Records from a dataset
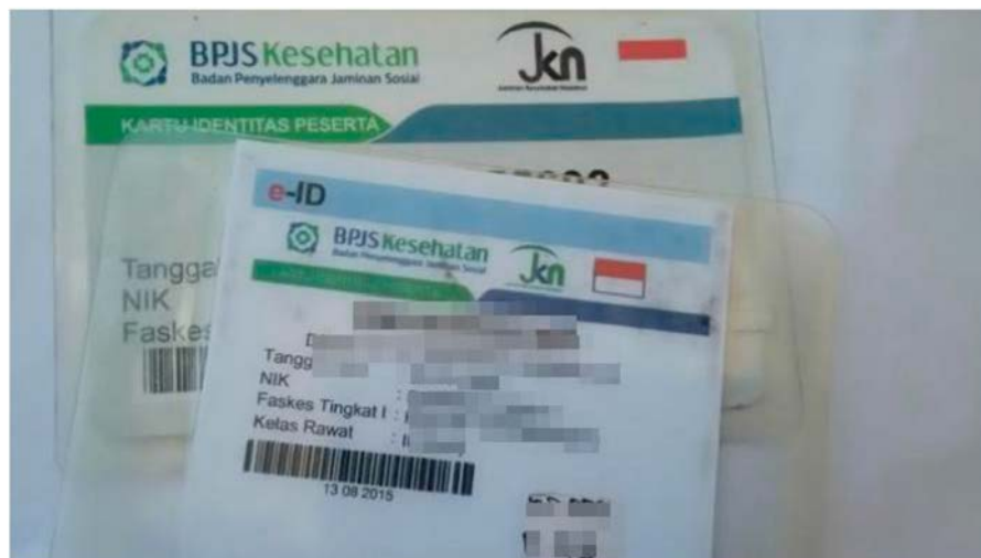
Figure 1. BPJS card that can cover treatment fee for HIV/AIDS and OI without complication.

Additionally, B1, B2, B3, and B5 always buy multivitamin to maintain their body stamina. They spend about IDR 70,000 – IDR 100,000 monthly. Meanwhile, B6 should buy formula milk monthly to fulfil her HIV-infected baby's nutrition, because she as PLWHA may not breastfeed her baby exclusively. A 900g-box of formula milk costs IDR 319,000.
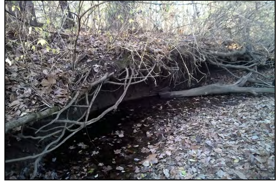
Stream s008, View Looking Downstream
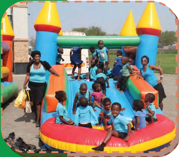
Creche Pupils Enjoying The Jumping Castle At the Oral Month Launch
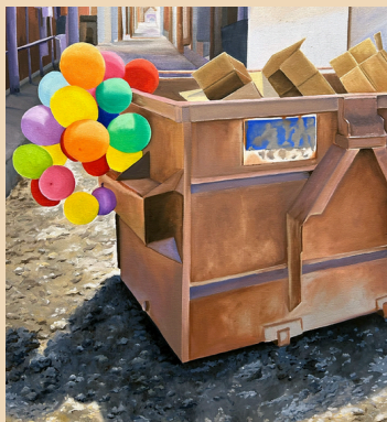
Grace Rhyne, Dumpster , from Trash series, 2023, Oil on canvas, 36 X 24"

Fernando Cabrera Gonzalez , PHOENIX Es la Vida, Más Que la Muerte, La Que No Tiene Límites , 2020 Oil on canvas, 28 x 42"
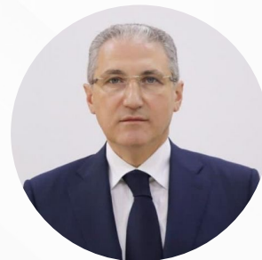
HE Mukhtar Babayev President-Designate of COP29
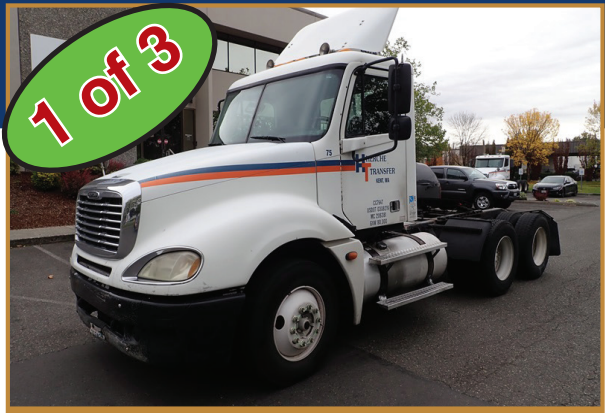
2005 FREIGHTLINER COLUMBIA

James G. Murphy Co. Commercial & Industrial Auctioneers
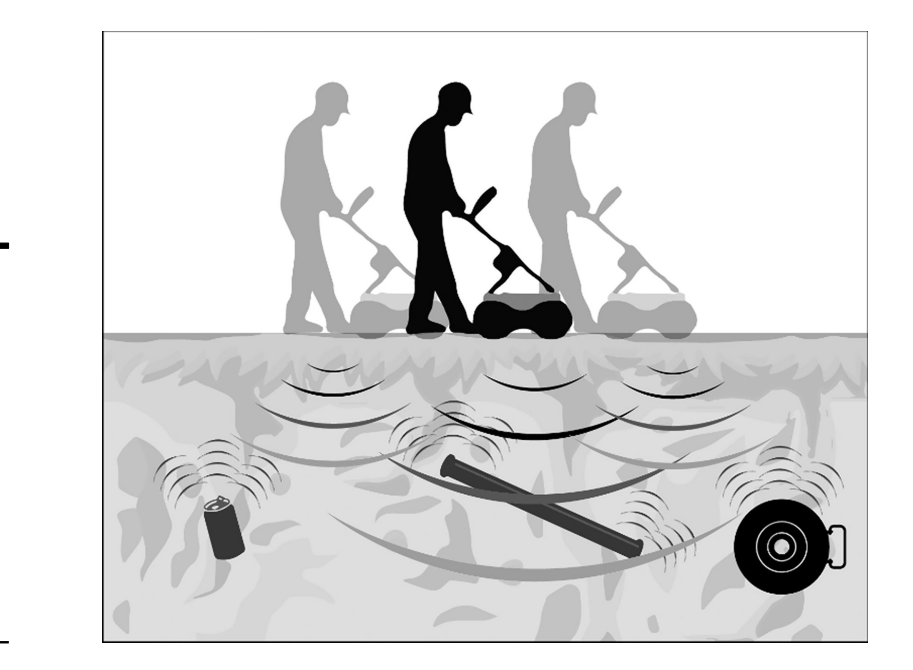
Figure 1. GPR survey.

Assignment:
Return nothing except the lines from the one containing "Creche Pupils Enjoying" through the final line of the data, copied exactly. Leave out all pictures.

Task response:
Creche Pupils Enjoying The Jumping Castle At the Oral Month Launch
Grace Rhyne, Dumpster , from Trash series, 2023, Oil on canvas, 36 X 24"

Fernando Cabrera Gonzalez , PHOENIX Es la Vida, Más Que la Muerte, La Que No Tiene Límites , 2020 Oil on canvas, 28 x 42"
HE Mukhtar Babayev President-Designate of COP29
2005 FREIGHTLINER COLUMBIA

James G. Murphy Co. Commercial & Industrial Auctioneers
Figure 1. GPR survey.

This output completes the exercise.